It sounds like 802.1x over WPA2 is the way to go. I won't say that this is necessarily easy to configure, but it may fit your requirements.
You'll need a CA. This could be your AD server for simplicity, you're enterprise might have one already, or you could designate any server you trust sufficiently to be an internal CA (if you're really a martyr, you could even use a public CA so long as you don't mind it taking weeks to add new clients and racking up thousands of dollars in fees). This will need to sign certificates for your RADIUS server and clients.
You'll need a RADIUS server. This can be the NPS service in Windows Server, FreeRADIUS on RHEL, pfsense, even some routers can do it (But if you make your router into a RADIUS server, I wouldn't admit it on the InfoSec Stack Exchange). This will need a signed cert to validate its identity to your clients. This will serve to authenticate your clients, it can be configured to do so by username/password, or it could do so by validating the client possesses a valid, signed cert. In some cases, you can configure the RADIUS server to check an LDAP directory (such as AD, IPA, openLDAP, etc.) which associates each identity (certificate in this case) with a set of groups. These groups could control which networks the user is authorized to connect to.
Your APs will need to be set to use WPA2 Enterprise, and configured to route authentication requests to the RADIUS server. Configuration varies wildly based on the make of your AP.
Your clients will need to have a signed cert loaded onto their system and configured to provide that cert as 802.1x authentication for the WiFi connection to your AP(s). Again this varies wildly depending on the device and configuration is left as an exercise to the reader. This is using client-authentication TLS over EAP and is thus usually decorated as the EAP-TLS option in many configs that I've seen.
Anti-Patterns
The issues with this depend on your environment and risk-acceptance. But these concerns should be addressed.
Getting certs to the client
You'll need a way to get certificates onto the client device. In a passwordless environment, that certificate allows network access and must be protected like a password and thus a secure method of transmission must be devised (in this regard, it might undermine the whole reason you're considering this option).
For laptops, if you can wire it into the network, do some automated validation (MAC Address, Active Directory credentials, or whatever you devise), then you could load a signed cert onto the system (or have the system generate the cert and send a CSR to your CA).

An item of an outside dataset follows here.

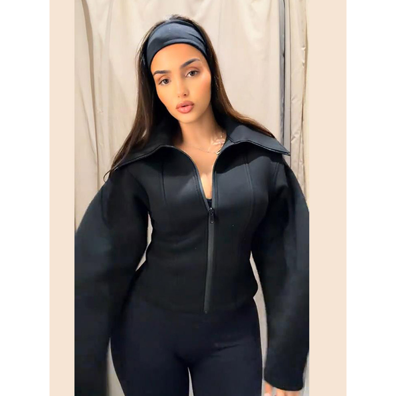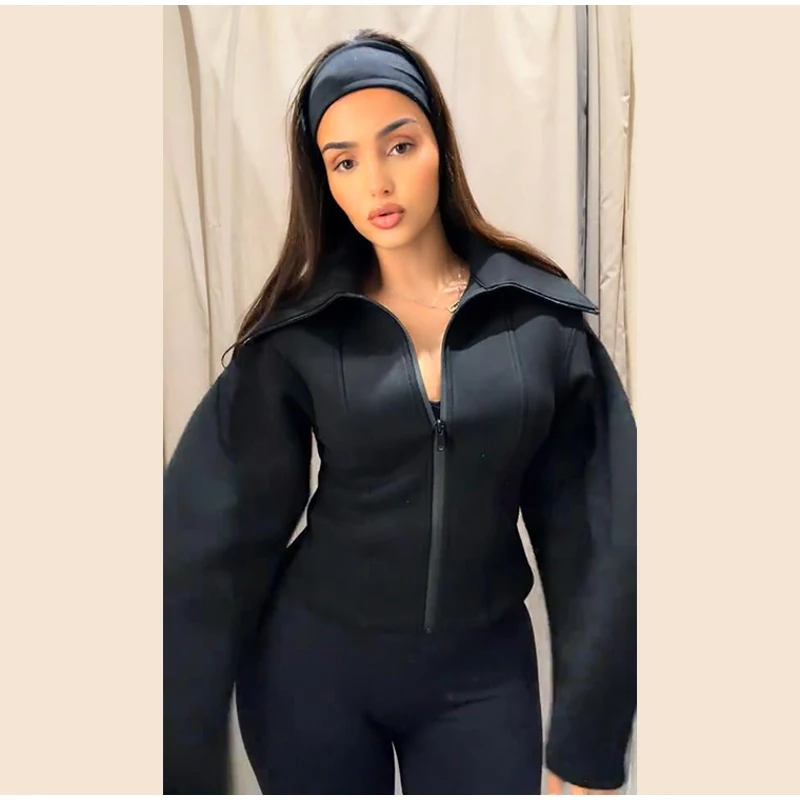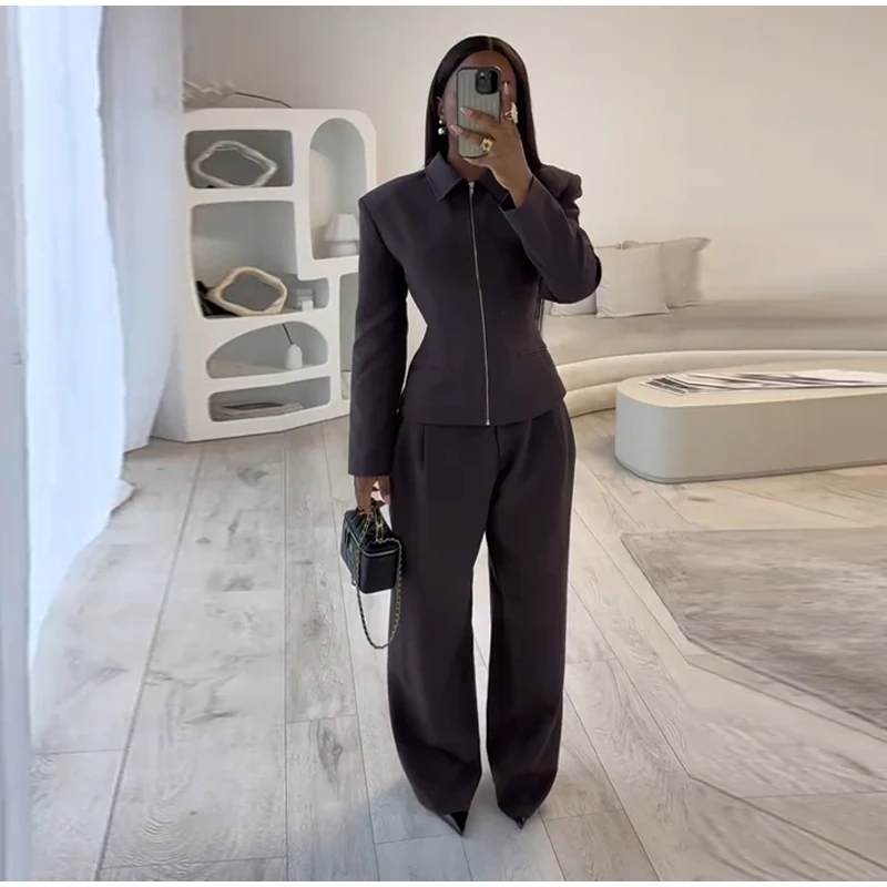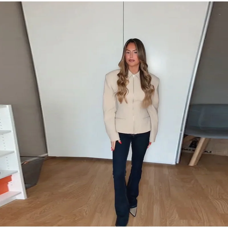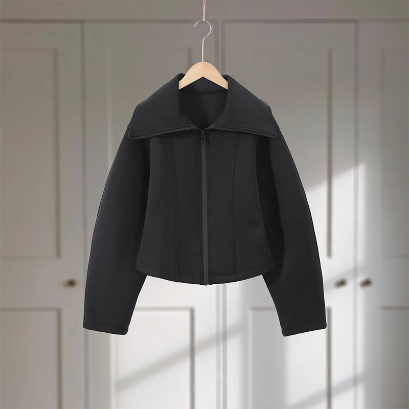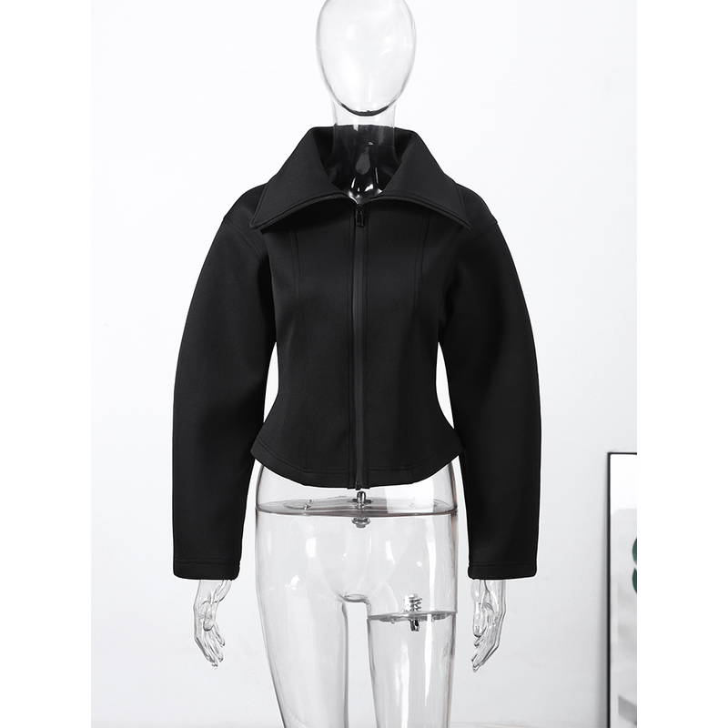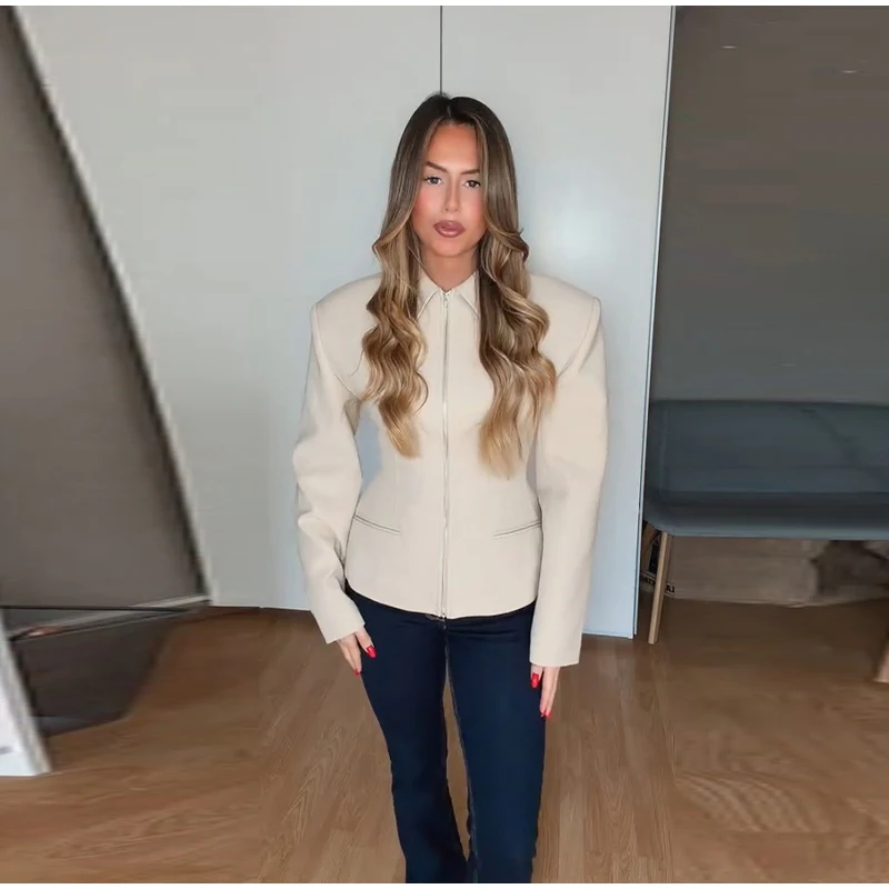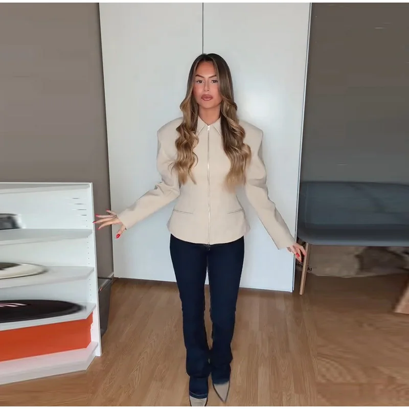 Fitted Cinched Waist Zip Up Jacket Solid Slim Fit Structured Lapel Collar 2026 Spring Causal Women Outerwear Chic Edgy Lady Coat

But if your environment has phones/tablets, the problem becomes trickier. Options might be transferring certs by USB flash drives connected to OTG connectors (make sure you sanitize that drive after each time you connect it to a yucky user device). Perhaps you could provide an easier-to-access WiFi network on its own isolated network/VLAN, this could use a single PSK that you rotate as needed, and on this network all you can do is validate your device and be issued a cert. These options come with their tradeoffs, send them through your own risk analysis.
Cert Compromise
The other concern is that certificates get compromised. Most likely this would only happen if a user's system is owned, but there could be a few other scenarios where a valid certificate is leaked. If you can identify this compromise early, you can have your RADIUS server validate against OCSP or a CRL. To combat against unknown compromises, you could set the certificates to expire quickly, but you have to have an infrastructure set up to automatically renew and install users certificates and ensure that most users connect at least once before their certificates expire. The best idea is probably a little bit of both and locking down network resources so that being on the network doesn't necessarily give you access to anything (i.e. don't use the same client certificates to authenticate to other network resources).
P.S.
This is not a quick and easy set-up, but it can be a robust one if you find a good level of trade-offs between providing access to users and protecting access from attackers. And it can allow you opportunities to expand and add additional functionality once you become more comfortable with your implementation.